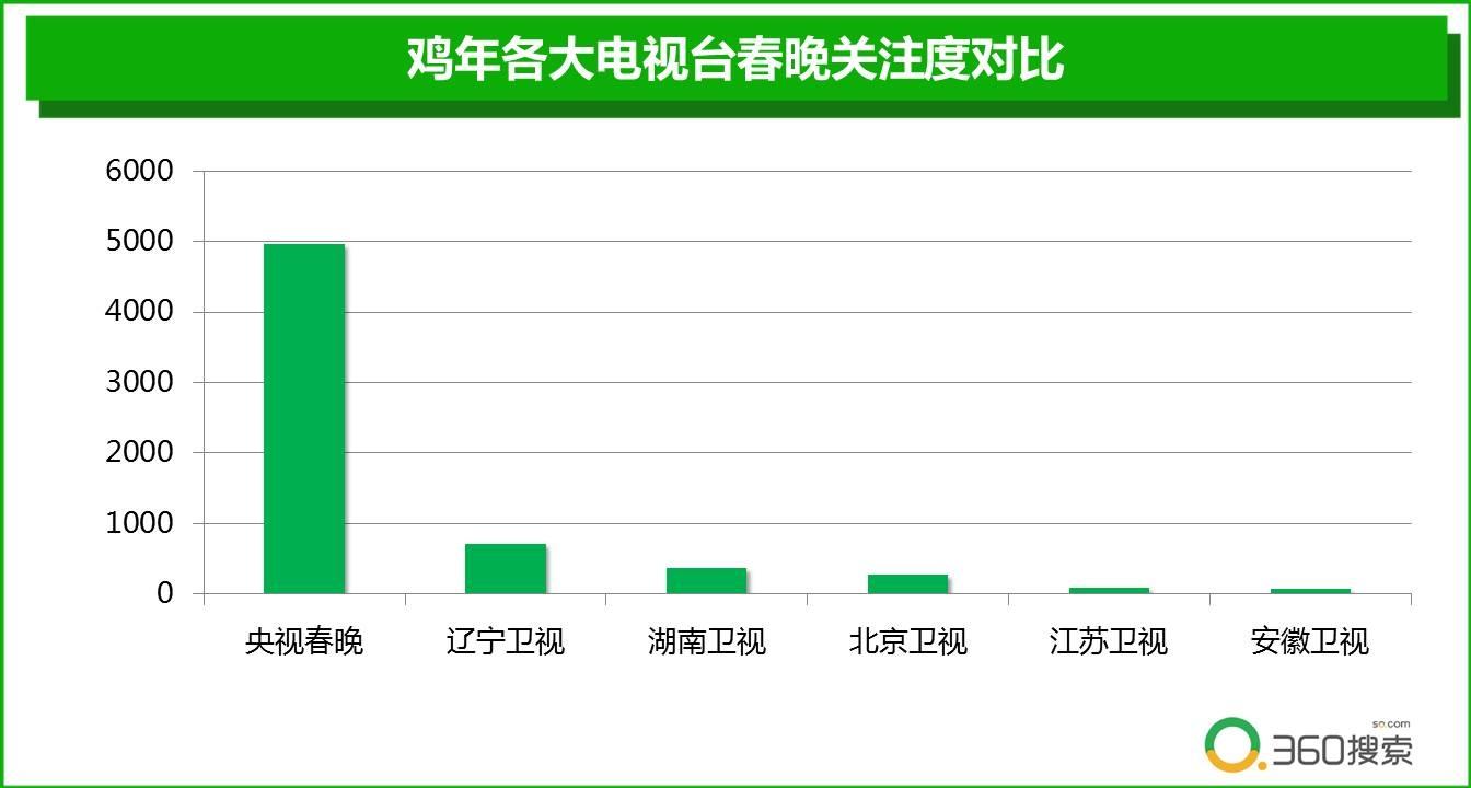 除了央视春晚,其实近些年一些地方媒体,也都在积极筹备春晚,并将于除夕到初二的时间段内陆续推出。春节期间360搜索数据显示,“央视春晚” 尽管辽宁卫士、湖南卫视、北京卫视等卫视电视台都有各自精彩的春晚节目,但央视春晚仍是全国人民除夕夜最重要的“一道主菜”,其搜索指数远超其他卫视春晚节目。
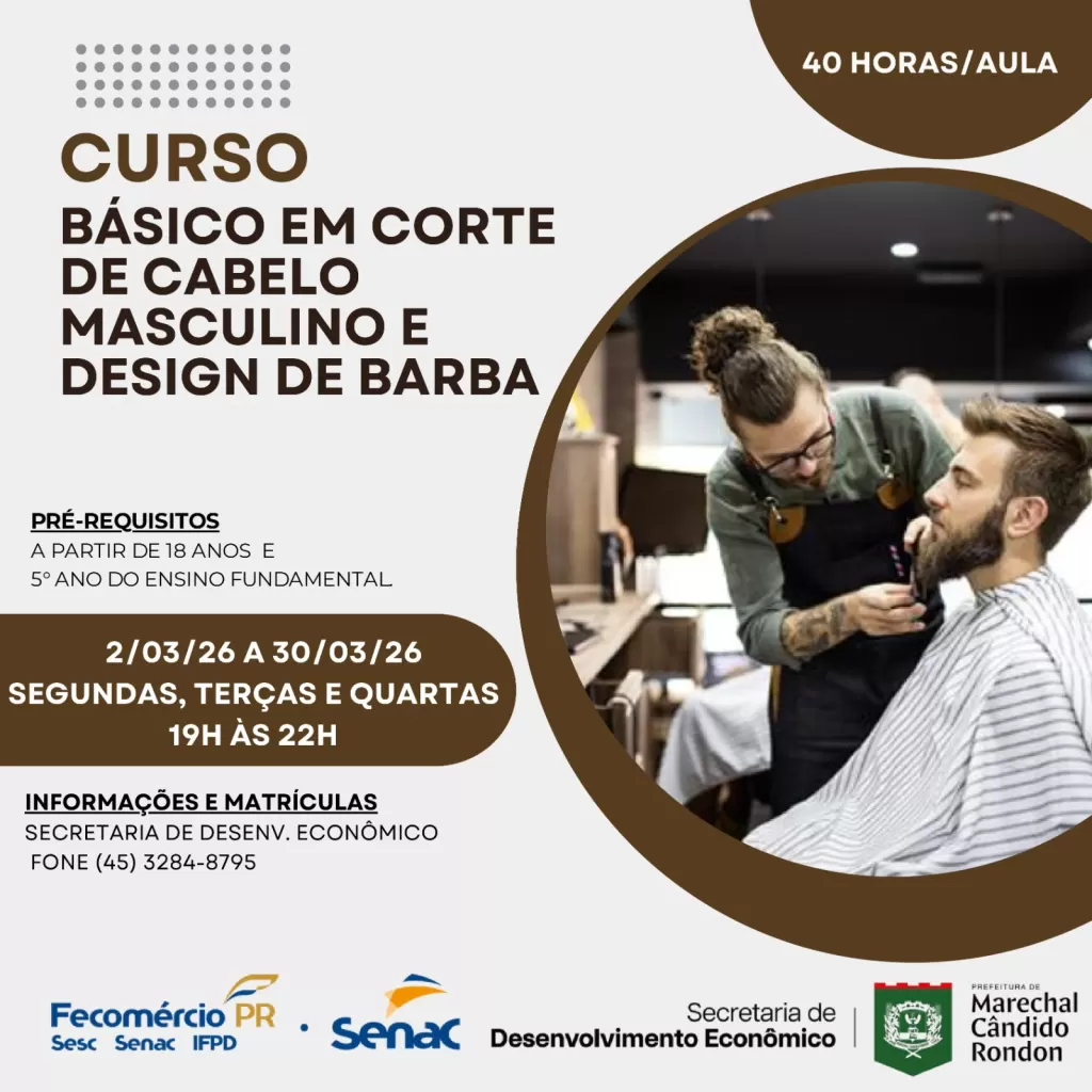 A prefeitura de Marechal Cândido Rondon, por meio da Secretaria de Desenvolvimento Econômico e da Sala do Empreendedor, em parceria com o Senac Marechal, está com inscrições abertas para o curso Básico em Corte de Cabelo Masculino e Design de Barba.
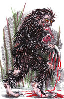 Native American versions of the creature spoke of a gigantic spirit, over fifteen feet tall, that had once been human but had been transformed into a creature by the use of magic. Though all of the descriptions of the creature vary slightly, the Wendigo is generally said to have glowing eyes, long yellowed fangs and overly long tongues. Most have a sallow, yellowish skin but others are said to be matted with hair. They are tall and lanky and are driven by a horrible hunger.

WHAT TO DO:
Your answer should be every line above, written out exactly, with no pictures.

RESULT:
 除了央视春晚,其实近些年一些地方媒体,也都在积极筹备春晚,并将于除夕到初二的时间段内陆续推出。春节期间360搜索数据显示,“央视春晚” 尽管辽宁卫士、湖南卫视、北京卫视等卫视电视台都有各自精彩的春晚节目,但央视春晚仍是全国人民除夕夜最重要的“一道主菜”,其搜索指数远超其他卫视春晚节目。
 A prefeitura de Marechal Cândido Rondon, por meio da Secretaria de Desenvolvimento Econômico e da Sala do Empreendedor, em parceria com o Senac Marechal, está com inscrições abertas para o curso Básico em Corte de Cabelo Masculino e Design de Barba.
 Native American versions of the creature spoke of a gigantic spirit, over fifteen feet tall, that had once been human but had been transformed into a creature by the use of magic. Though all of the descriptions of the creature vary slightly, the Wendigo is generally said to have glowing eyes, long yellowed fangs and overly long tongues. Most have a sallow, yellowish skin but others are said to be matted with hair. They are tall and lanky and are driven by a horrible hunger.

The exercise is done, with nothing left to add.